Whistleblowers Accuse Infosys CEO Salil Parekh Of ‘Unethical Practices’ To Boost Profit
An anonymous whistleblower letter has alleged that Infosys Ltd. Chief Executive Officer Salil Parekh dressed up the company’s books—accusations that could plunge the software services provider into its second leadership-related crisis in a little over two years.
The letter from a group of “Ethical Employees” accused Parekh of unethical practices in “recent quarters” to boost short-term revenue and profits, according to a copy published by Deccan Herald newspaper on its website. Employees were asked not to fully recognise costs like those for visas of employees to improve profits, according to the letter dated Sept. 20 addressed to the company’s board and the U.S. Securities and Exchange Commission.
An Infosys spokesperson confirmed having received the letter and its contents to BloombergQuint. In a separate response to emailed queries, the company said “whistleblower complaint has been placed before the audit committee as per the company’s practice and will be dealt with in accordance with the company’s whistleblowers policy”.
Emailed queries to Parekh and Chief Financial Officer Nilanjan Roy, also named in the letter, didn’t elicit a response.
The allegations come two years after Vishal Sikka quit as CEO following a founder-led boardroom coup. He, too, faced whistleblower allegations and corporate governance concerns stemming from his salary and acquisitions and how much Infosys paid for them. Parekh’s appointment had ended the uncertainty, and he led a revival by focusing on large deals and digital services.
The whistleblowers allegations, however, call some of that record into question. The letter alleged:
- Putting pressure on whistleblowers not to recognise reversals of $50 million of upfront payment in the quarter ended September.
- Revenue recognition in large contracts involving Verizon Communications Inc., Intel Corp., the company’s joint venture in Japan as well as acquisition of Stater NV, a subsidiary of ABN AMRO Bank NV, were “forced” and not as per accounting standards.
- Approvals for large deals have irregularities and the chief executive is bypassing reviews and approvals by instructing sales teams not to send mails for the same.
- Parekh and Chief Financial Officer Nilanjan Roy had asked the whistleblowers to show “more profits in treasury operations” by raising risks and changing policies.
The whistleblowers claim they have emails and voice recordings of the conversations on the matters discussed.

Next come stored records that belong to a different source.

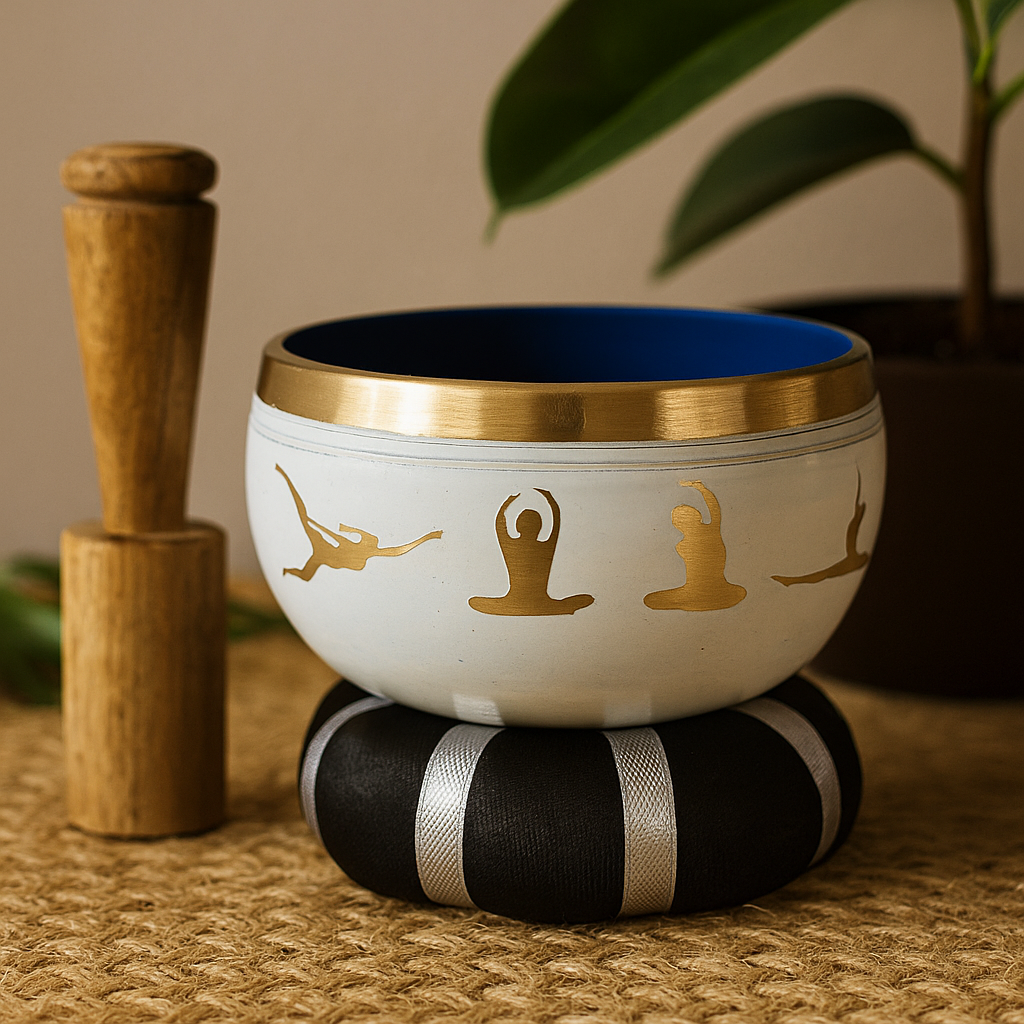 Kovová misa nesie jasný, rezonantný hlas, podporený mosadzným okrajom pre hladké spievanie na okraji a pokojným modrým vnútrom proti matnému striebornému vonkajšku. Po obvode vonkajšej strany zlatý pás s posediačkami meditačných postáv ponúka tichú pripomienku všímavosti a súcitu — motív bežne spájaný s Budhom v mnohých tradíciách, kde je uchovávaný v domovoch a priestoroch na prax ako symbol vnútorného pokoja. 🧘
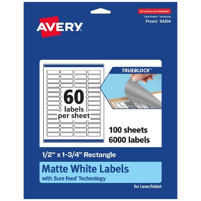 Avery Matte White Rectangle Labels, 1" x 2"
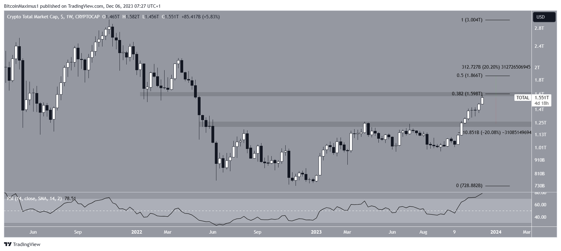 Se o TOTALCAP romper o nível mencionado acima, ele pode aumentar mais 20% e atingir a retração de 0,5 de Fibonacci em US$ 1,87 trilhão.
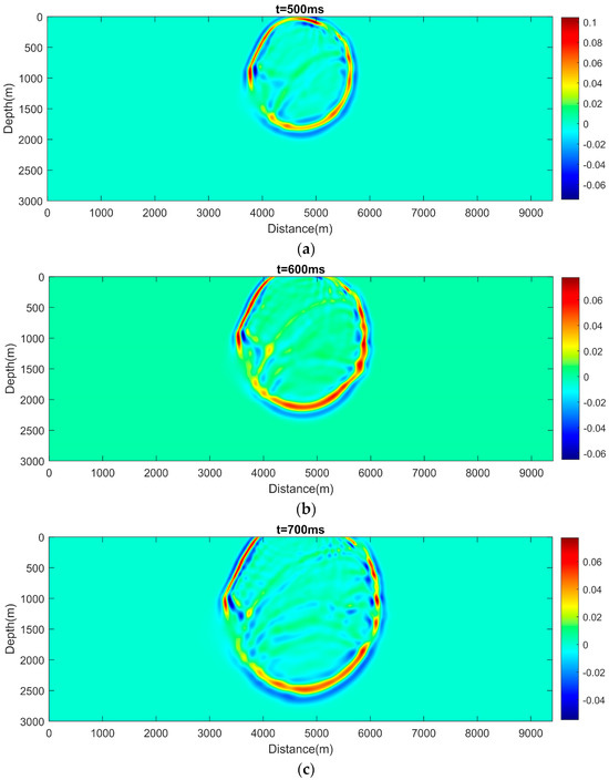 We choose the time step ms. The 2D acoustic wave propagation process is displayed at different times with t = 500 ms, 600 ms, 700 ms, and 800 ms in Figure 8, which has a good agreement with the acoustic velocity parameters of the Marmousi model. For example, we can observe visible reflections and weak dispersion at points where velocity changes rapidly. The forward algorithm is coded in MATLAB (R2023a), and the subroutine is given in Appendix A.
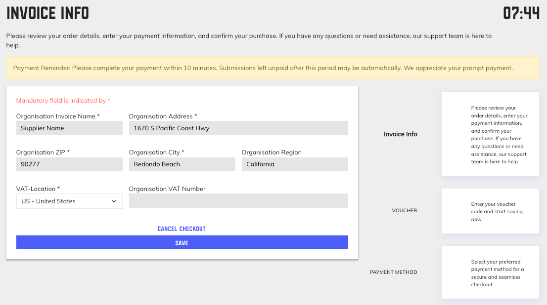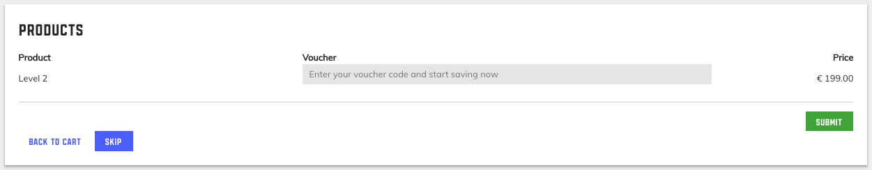 Voucher. If applicable, enter a voucher (token) code relevant to the product here:
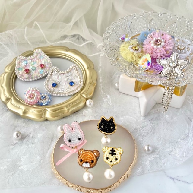 - ビーズ刺繍のキラキラ動物モチーフアクセサリーのfioris、 ひとつひとつ手で糸を巻いて作る温かみのあるボンボンアクセサリーkazarina、 天然石と陶器で作る金継ぎアクセサリーBloem hoekjya の3人の作家で出店します それぞれの個性が光るブースにぜひお立ち寄りくださいね
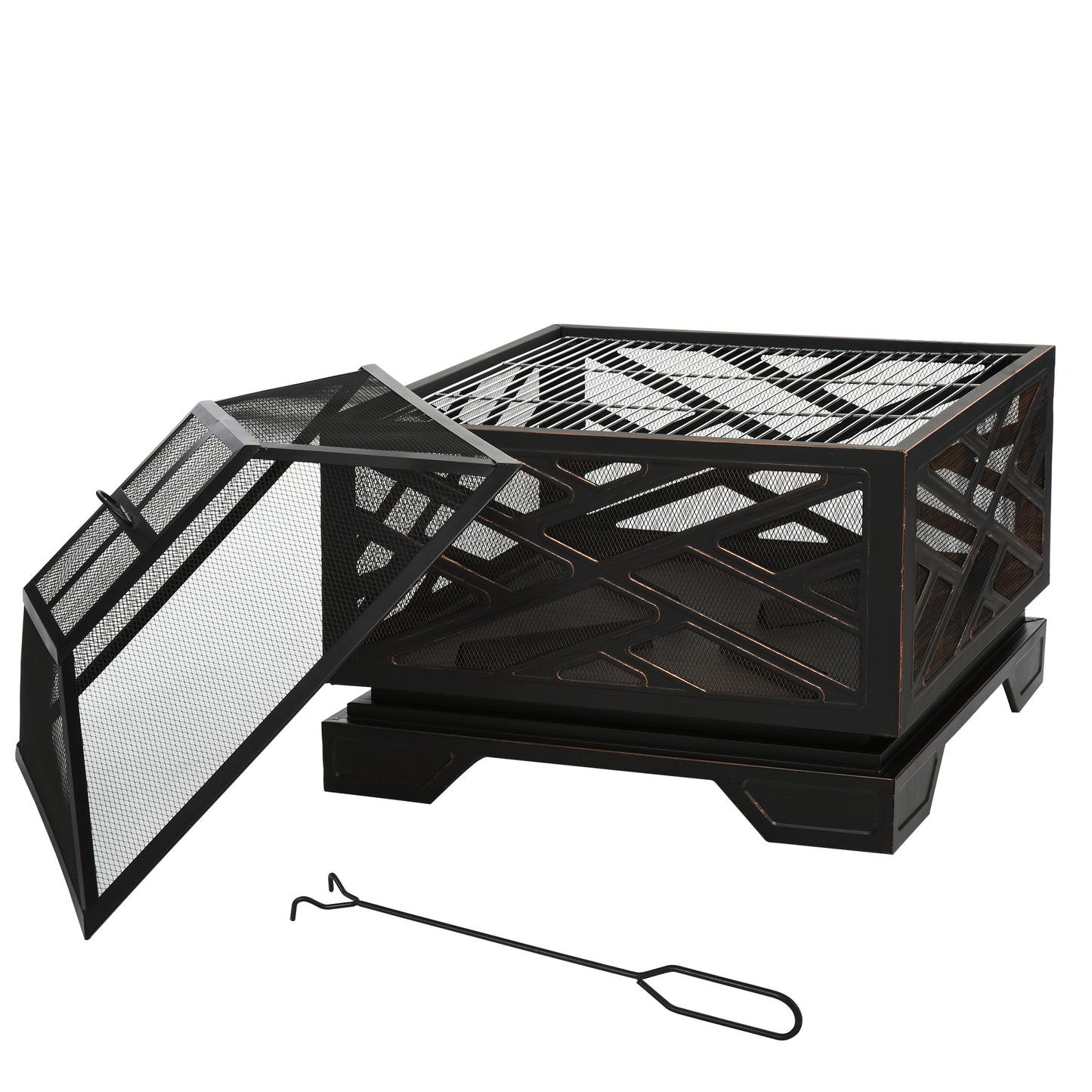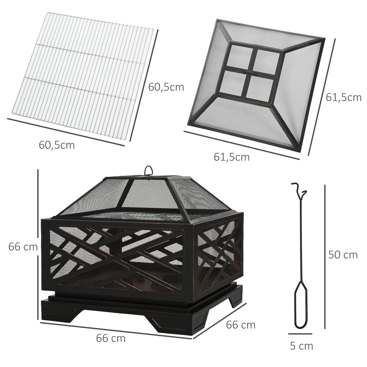 Outsunny Feuerschale mit Funkenschutz, Grillrost, Schürhaken, quadratisch, Stahlgehäuse, schwarz, 66 x 66 cm

While on certain matters, the auditors refused to sign off because of which certain “issues” were postponed, matters relating to large deal information were asked to be withheld from the auditors. The whistleblowers said they were asked not to make specific disclosures in the company’s annual report and share only “good and incomplete information” with investors and analysts.
Deloitte Haskins & Sells LLP is the company’s statutory auditors, while EY LLP is its internal auditor. Its board audit committee is led by D. Sundaram as chairperson, and comprises financial expert Punita Kumar-Sinha and Roopa Kudva.
Kiran Mazumdar-Shaw, founder of Biocon Ltd. and an independent director on Infosys board who was part of the panel that selected Parekh, told BloombergQuint, “We will follow due process which will be according to the company’s whistleblower policy.”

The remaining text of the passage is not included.